* TRY IT *
Starting at the top of the listing, extract every line up to and including the one with "Automatically build affiliate". Pictures stay out of the copy.

* DATA SEGMENT *
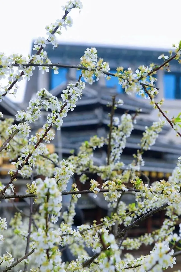 广西民族博物馆的民族村李子花已经绽放,每一枝桠长满李子花,独属春日的白色浪漫,随风落下如南方的春日之雪,许你一路繁华,安然度岁。
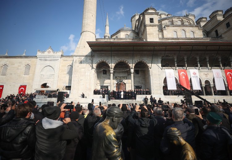 Osmanlı Padişahı 3. Murad'ın eşi Safiye Sultan tarafından başlatılan, Eminönü'ndeki Yeni Cami inşaatının 1665'te Sultan 4. Mehmed'in annesi Hatice Turhan Sultan tarafından tamamlandığını aktaran Cumhurbaşkanı Erdoğan, yaklaşık 358 yıldır milyonlarca kişinin uğrak yeri olan Yeni Cami'nin restorasyonu 2016 yılında başlatıldığına dikkati çekerek, "Bu kapsamda caminin saçak ve kubbelerindeki 175 ton kurşun değiştirilmiştir. Dış cephesi tamamıyla temizlenmiştir. Beden ve revak duvarları güçlendirilmiştir. Özgün malzemelerle yapılamayan içlik ve dışlıklar da aslına uygun şekilde değiştirilmiştir. Mermer söve, silme, alem ve korkuluklarındaki bozulmalar ve hasarlar giderilmiştir. Tarihi çinilerden kötü durumda olanlar sökülerek sağlamlaştırılmış, çatlak veya parça kaybı olanlar kalem işleriyle tamamlanmıştır. Revak kubbelerindeki kalem işleri restorasyon projesine göre tekrar yapılmıştır" diye konuştu.
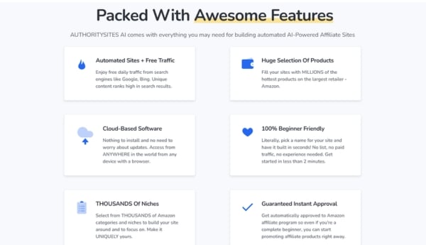 Automatically build affiliate marketing websites with hot Amazon products: AuthoritySites AI automatically creates comprehensive affiliate marketing websites for you featuring popular, trending, and high-demand Amazon products. As soon as you select your preferred category, this amazing system will automatically populate your website with automatically generated product listings, product reviews, and even supporting blog content for those products. This means you no longer need to research products, write product reviews, or add affiliate links. Even better, you'll get instant approval to join the Amazon affiliate program; this is one of the biggest hurdles most beginners face.
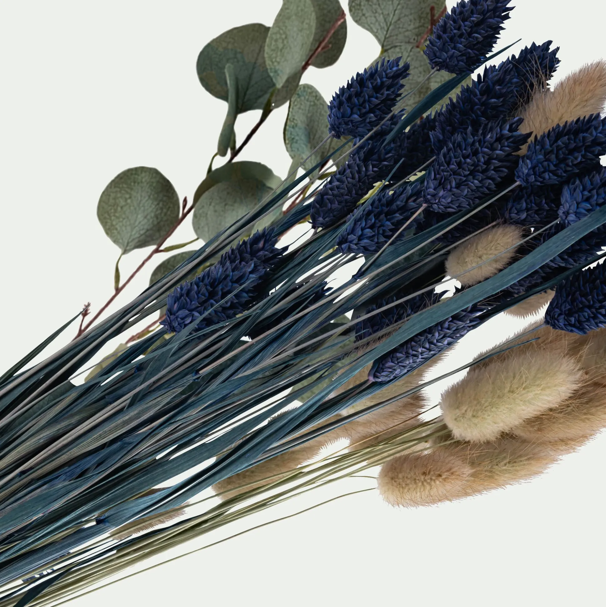 Un joli bouquet de fleurs séchées aux tons bleutés. Cette composition naturelle est composée de phalaris, de lagurus ovatus et d’eucalyptus espiral. Ce bouquet est parfait pour décorer votre maison. Dans un vase ou pour confectionner de jolies créations telles que des couronnes de fleurs séchées ou des herbiers, il donne du charme à votre pièce.

* ANSWER TO THE EXERCISE *
 广西民族博物馆的民族村李子花已经绽放,每一枝桠长满李子花,独属春日的白色浪漫,随风落下如南方的春日之雪,许你一路繁华,安然度岁。
 Osmanlı Padişahı 3. Murad'ın eşi Safiye Sultan tarafından başlatılan, Eminönü'ndeki Yeni Cami inşaatının 1665'te Sultan 4. Mehmed'in annesi Hatice Turhan Sultan tarafından tamamlandığını aktaran Cumhurbaşkanı Erdoğan, yaklaşık 358 yıldır milyonlarca kişinin uğrak yeri olan Yeni Cami'nin restorasyonu 2016 yılında başlatıldığına dikkati çekerek, "Bu kapsamda caminin saçak ve kubbelerindeki 175 ton kurşun değiştirilmiştir. Dış cephesi tamamıyla temizlenmiştir. Beden ve revak duvarları güçlendirilmiştir. Özgün malzemelerle yapılamayan içlik ve dışlıklar da aslına uygun şekilde değiştirilmiştir. Mermer söve, silme, alem ve korkuluklarındaki bozulmalar ve hasarlar giderilmiştir. Tarihi çinilerden kötü durumda olanlar sökülerek sağlamlaştırılmış, çatlak veya parça kaybı olanlar kalem işleriyle tamamlanmıştır. Revak kubbelerindeki kalem işleri restorasyon projesine göre tekrar yapılmıştır" diye konuştu.
 Automatically build affiliate marketing websites with hot Amazon products: AuthoritySites AI automatically creates comprehensive affiliate marketing websites for you featuring popular, trending, and high-demand Amazon products. As soon as you select your preferred category, this amazing system will automatically populate your website with automatically generated product listings, product reviews, and even supporting blog content for those products. This means you no longer need to research products, write product reviews, or add affiliate links. Even better, you'll get instant approval to join the Amazon affiliate program; this is one of the biggest hurdles most beginners face.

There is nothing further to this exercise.